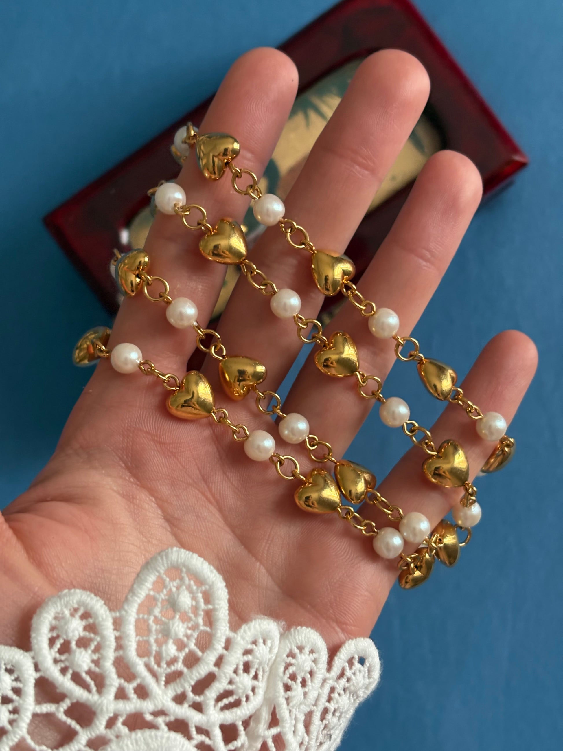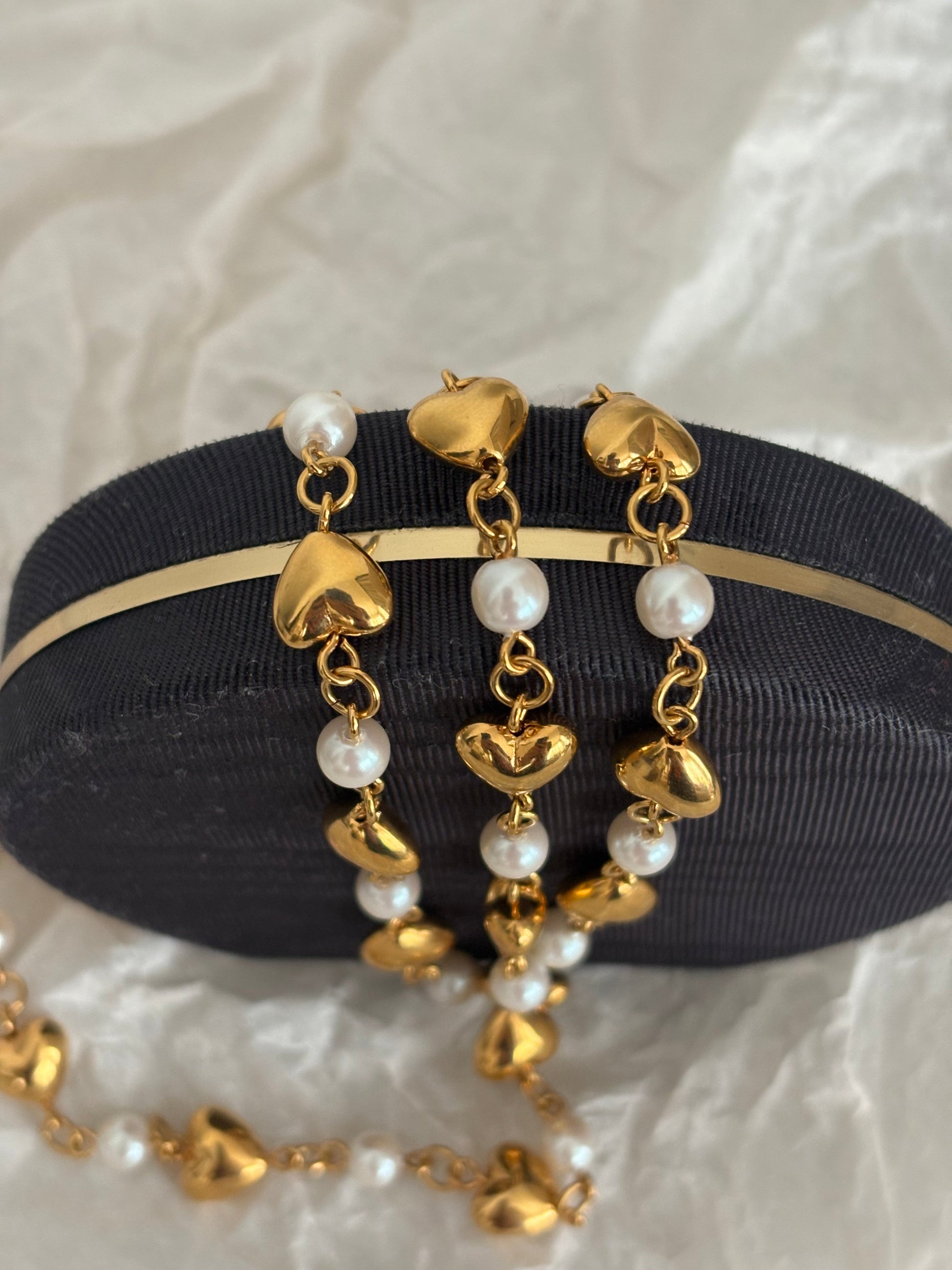 ✔ Kultowy design Trifari z pozłacanymi serduszkami i delikatnymi perłami
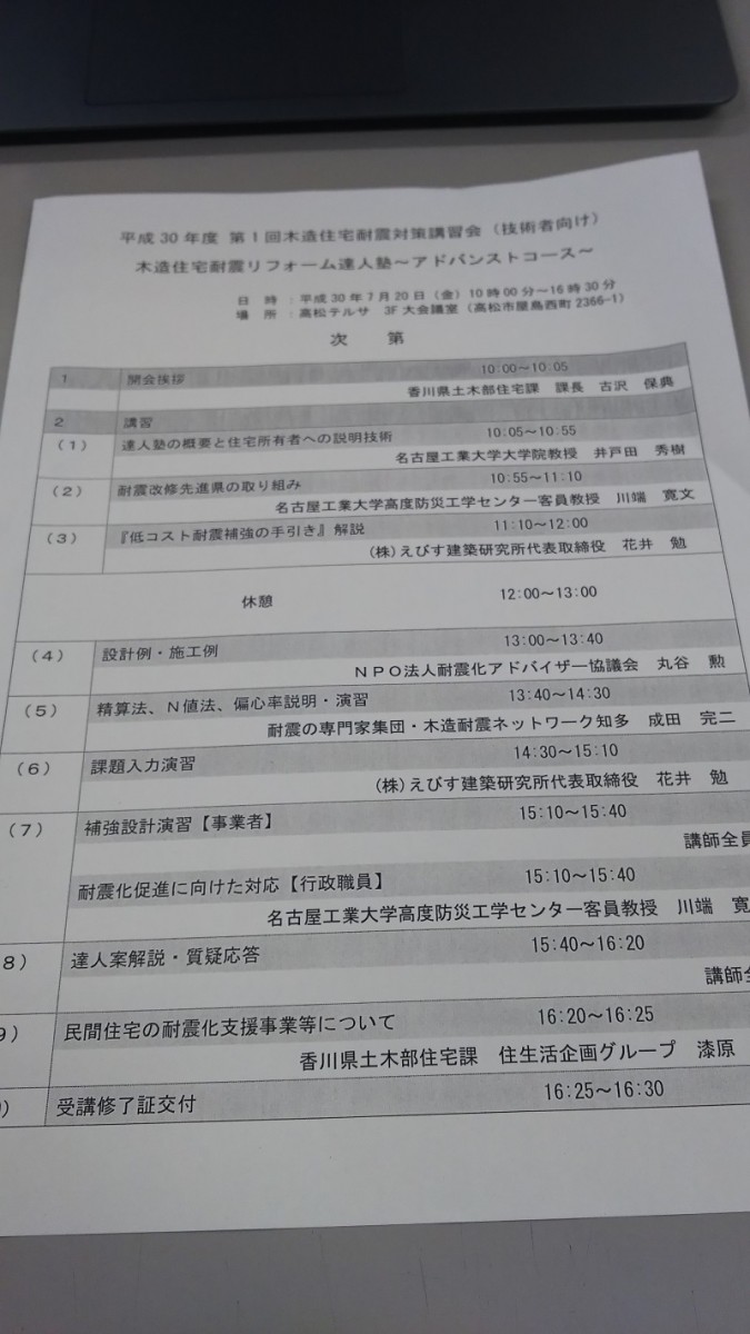 香川県主催の木造住宅耐震対策講習会に参加してきました!!   近年、地震が各地で多発しており香川県も住宅の地震対策を!…
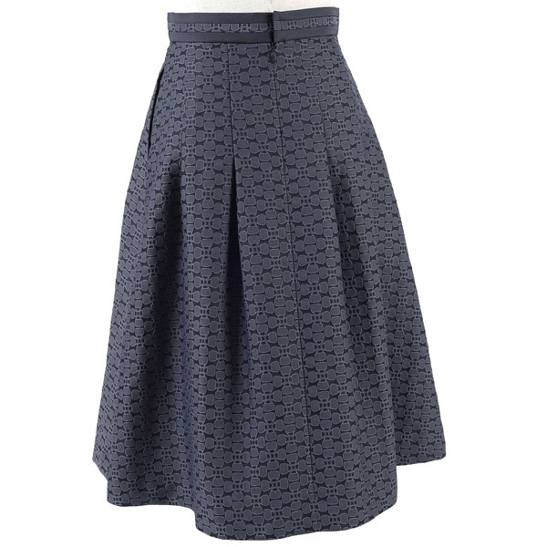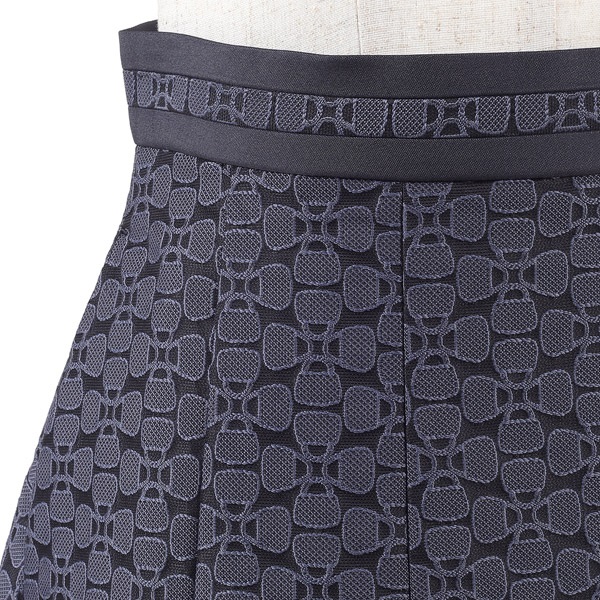 バッグのモチーフをお花に見立てたオリジナル素材がポイントのタックスカート。腰回りはすっきりと、裾にかけて立体感のあるシルエットに仕上げました。ウエストベルトにあしらった無地の別布がさり気ないアクセントになっています。軽量でシワになりにくく、お手入れしやすいのもポイント。膝が隠れる上品な丈感で、オケージョンやビジネス、デイリーまで幅広くお使いいただけます。同素材のスカート(KH0824)とのセットアップもおすすめです。
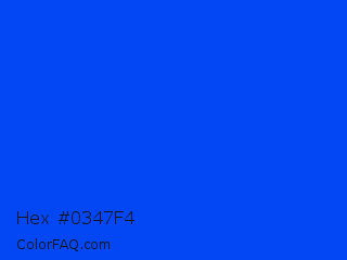 Hex #0347f4 Color is a normal blue color and the nearest color is Blue RYB #0247fe. Hex code #0347f4 and RGB value is rgb(3,71,244). In RGB color space, this color is composed of 1% red, 28% green, 96% blue, In CMYK color space, this color is composed of 99% cyan, 71% magenta, 0% yellow , 4% black , In HSL color space, this color has a hue angle of 223° , 98% saturation and 48% lightness.
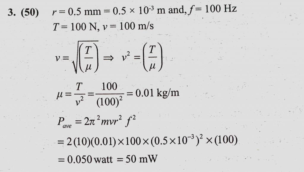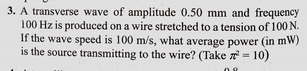 A transverse wave of amplitude 0.50 mm and frequency 100 Hz is produced on a wire stretched to a tension of 100 N. If the wave speed is 100 m/s, what average power ( in mW) A transverse wave of amplitude 0.50 mm and frequency 100 Hz is produced on a wire stretched to a tension of 100 N. If the wave speed is 100 m/s what average power ( in mW) November 5, 2020 Category: Uncategorised (JEE Advanced Physics by BM Sharma + GMP Solutions) , Facebook Messenger WhatsApp Share this:TwitterFacebook Related
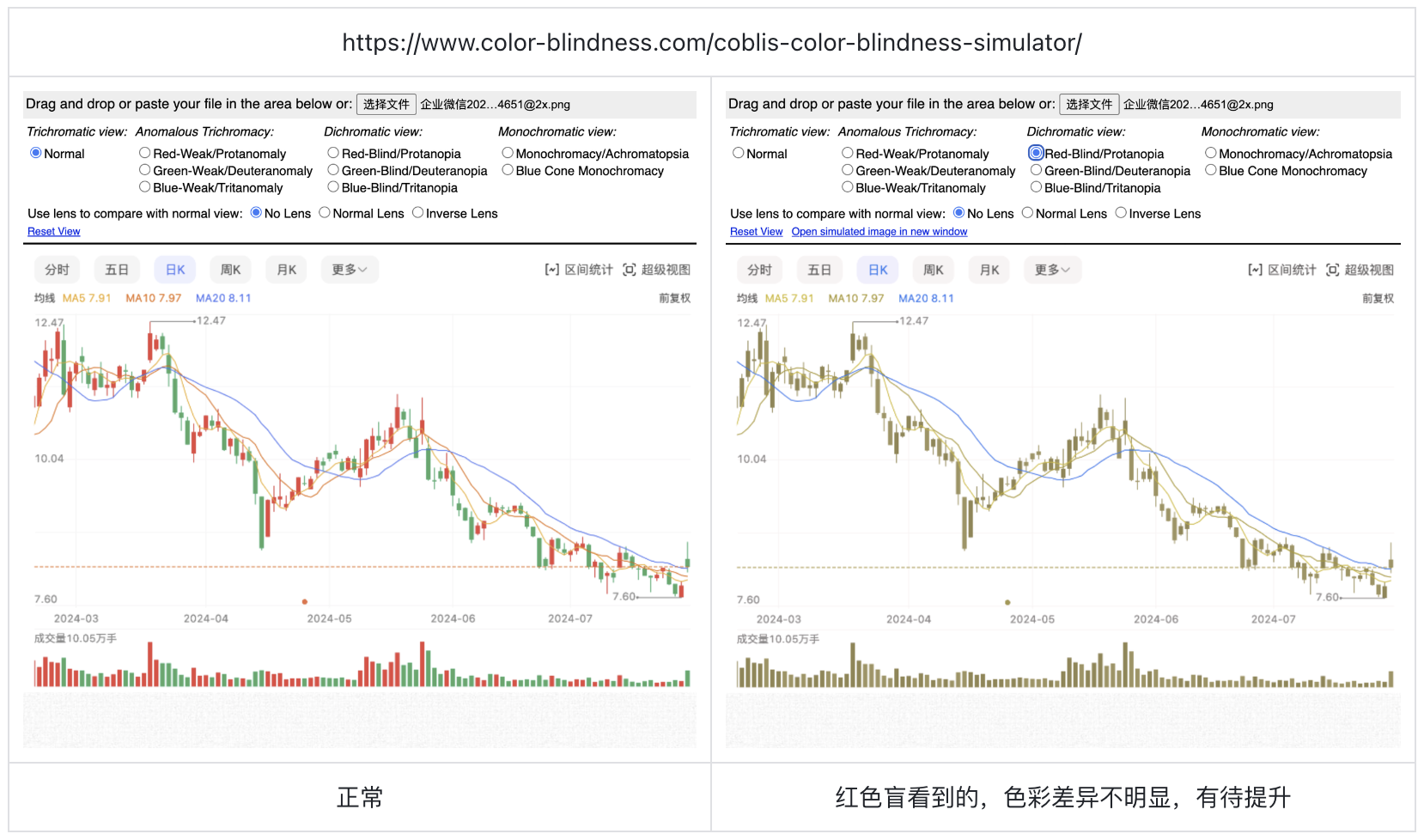 全色盲投資者更是由于只能感知明暗,在遇到這類過度依賴顏色且缺乏其他輔助元素的圖表時(shí),幾乎無(wú)法從中獲取有效的信息,難以全面理解市場(chǎng)分析的要點(diǎn)和趨勢(shì)。
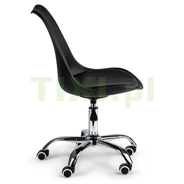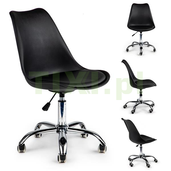 Do prawidłowego funkcjonowania podczas pracy przy biurku potrzebne jest krzesło, które umożliwi nam długą komfortową pracę przed komputerem. Krzesło obrotowe marki ModernHome jest idealnym rozwiązaniem dla biur, domowych stanowisk pracy lub recepcji w salonach usługowych. Czarna kolorystyka z chromowanymi dodatkami sprawdzi się idealnie w nowoczesnych wnętrzach.
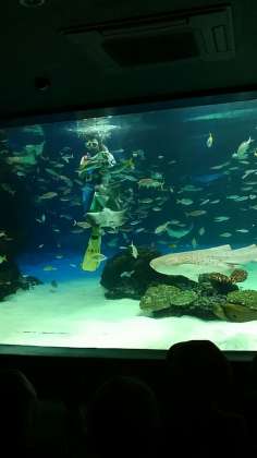 エイのいる大きな水槽では、ちょうど、飼育員のダイバーさんが、餌付けのところを見学出来ました。飼育員さんに手を振って貰いました。
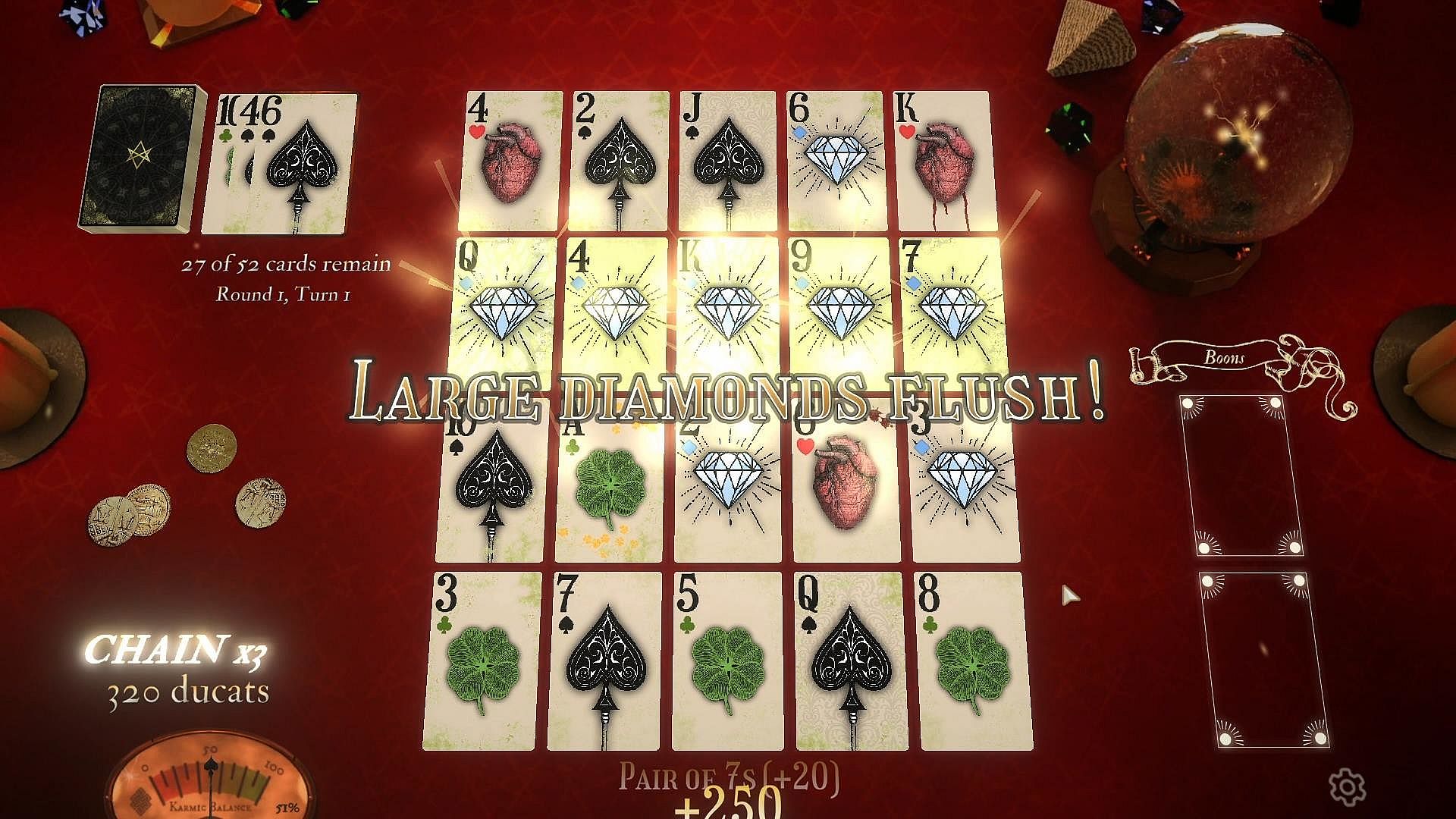Swap cards to create poker hands, plan your matches to clear each board, fortify your deck with glorious boons, break any curses inflicted upon you, and test your fate in a variety of special events!
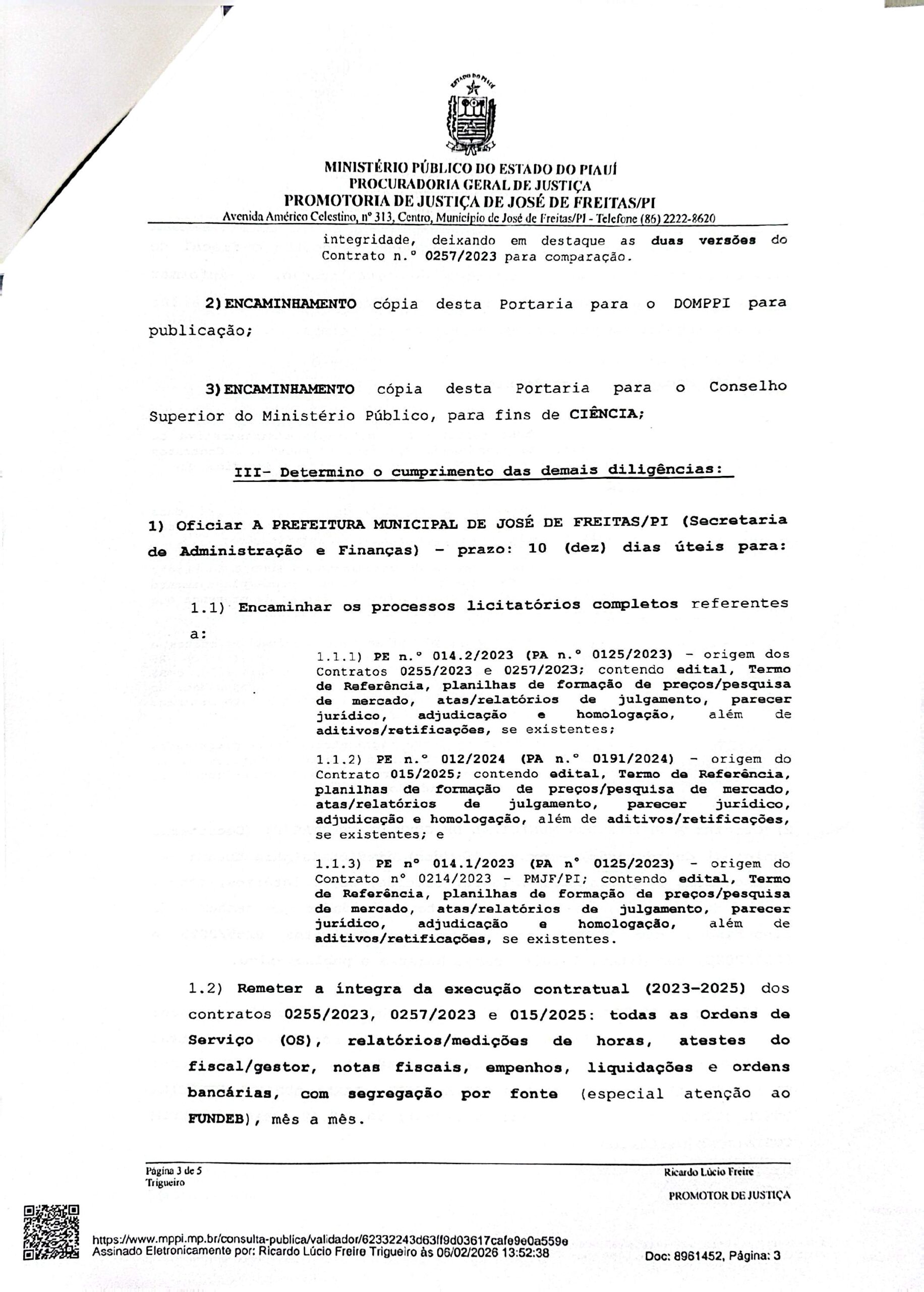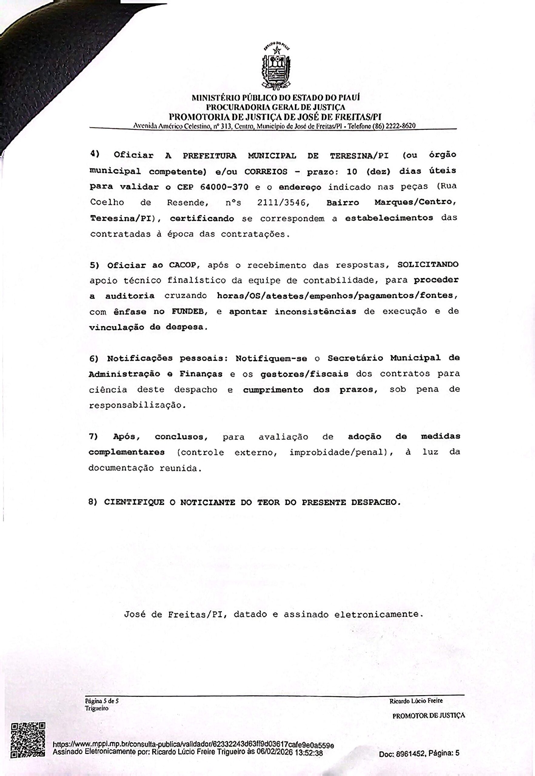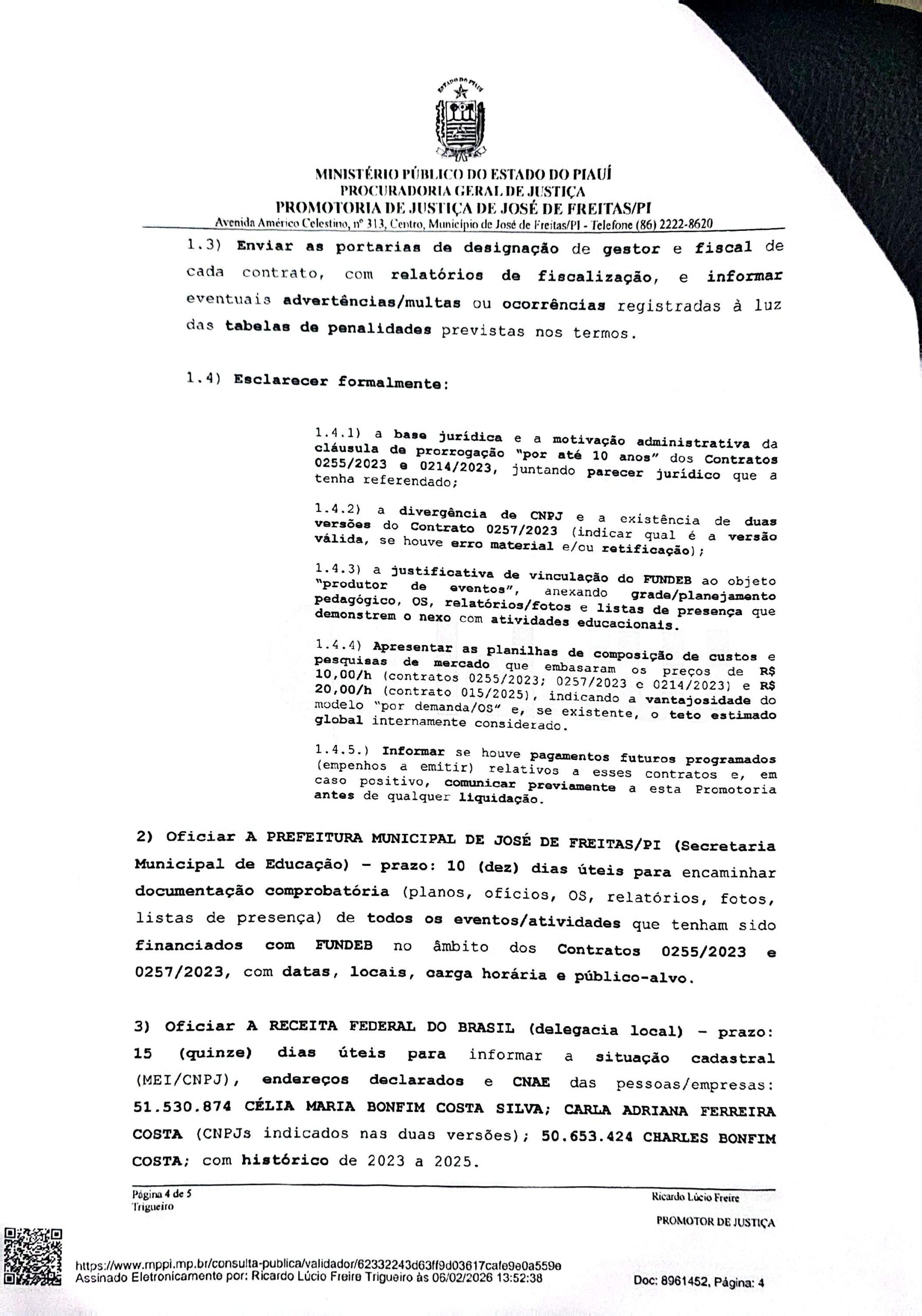 O Ministério Público do Estado do Piauí (MPPI) apura possíveis irregularidades em contratos da Prefeitura de José de Freitas, com foco no uso de empresas de fachada com recursos do FUNDEB. A investigação envolve pessoas ligadas às empresas contratadas, entre elas Célia Maria Bonfim Costa Silva, Carla Adriana Ferreira Costa e Charles Bonfim Costa, com pedido de informações à Receita Federal.

Required work »
Could you transcribe exactly the lines from the start of the records through the line containing "エイのいる大きな水槽では、ち", both ends included, leaving the pictures out?

Problem solution »
 ✔ Kultowy design Trifari z pozłacanymi serduszkami i delikatnymi perłami
 香川県主催の木造住宅耐震対策講習会に参加してきました!!   近年、地震が各地で多発しており香川県も住宅の地震対策を!…
 バッグのモチーフをお花に見立てたオリジナル素材がポイントのタックスカート。腰回りはすっきりと、裾にかけて立体感のあるシルエットに仕上げました。ウエストベルトにあしらった無地の別布がさり気ないアクセントになっています。軽量でシワになりにくく、お手入れしやすいのもポイント。膝が隠れる上品な丈感で、オケージョンやビジネス、デイリーまで幅広くお使いいただけます。同素材のスカート(KH0824)とのセットアップもおすすめです。
 Hex #0347f4 Color is a normal blue color and the nearest color is Blue RYB #0247fe. Hex code #0347f4 and RGB value is rgb(3,71,244). In RGB color space, this color is composed of 1% red, 28% green, 96% blue, In CMYK color space, this color is composed of 99% cyan, 71% magenta, 0% yellow , 4% black , In HSL color space, this color has a hue angle of 223° , 98% saturation and 48% lightness.
 A transverse wave of amplitude 0.50 mm and frequency 100 Hz is produced on a wire stretched to a tension of 100 N. If the wave speed is 100 m/s, what average power ( in mW) A transverse wave of amplitude 0.50 mm and frequency 100 Hz is produced on a wire stretched to a tension of 100 N. If the wave speed is 100 m/s what average power ( in mW) November 5, 2020 Category: Uncategorised (JEE Advanced Physics by BM Sharma + GMP Solutions) , Facebook Messenger WhatsApp Share this:TwitterFacebook Related
 全色盲投資者更是由于只能感知明暗,在遇到這類過度依賴顏色且缺乏其他輔助元素的圖表時(shí),幾乎無(wú)法從中獲取有效的信息,難以全面理解市場(chǎng)分析的要點(diǎn)和趨勢(shì)。
 Do prawidłowego funkcjonowania podczas pracy przy biurku potrzebne jest krzesło, które umożliwi nam długą komfortową pracę przed komputerem. Krzesło obrotowe marki ModernHome jest idealnym rozwiązaniem dla biur, domowych stanowisk pracy lub recepcji w salonach usługowych. Czarna kolorystyka z chromowanymi dodatkami sprawdzi się idealnie w nowoczesnych wnętrzach.
 エイのいる大きな水槽では、ちょうど、飼育員のダイバーさんが、餌付けのところを見学出来ました。飼育員さんに手を振って貰いました。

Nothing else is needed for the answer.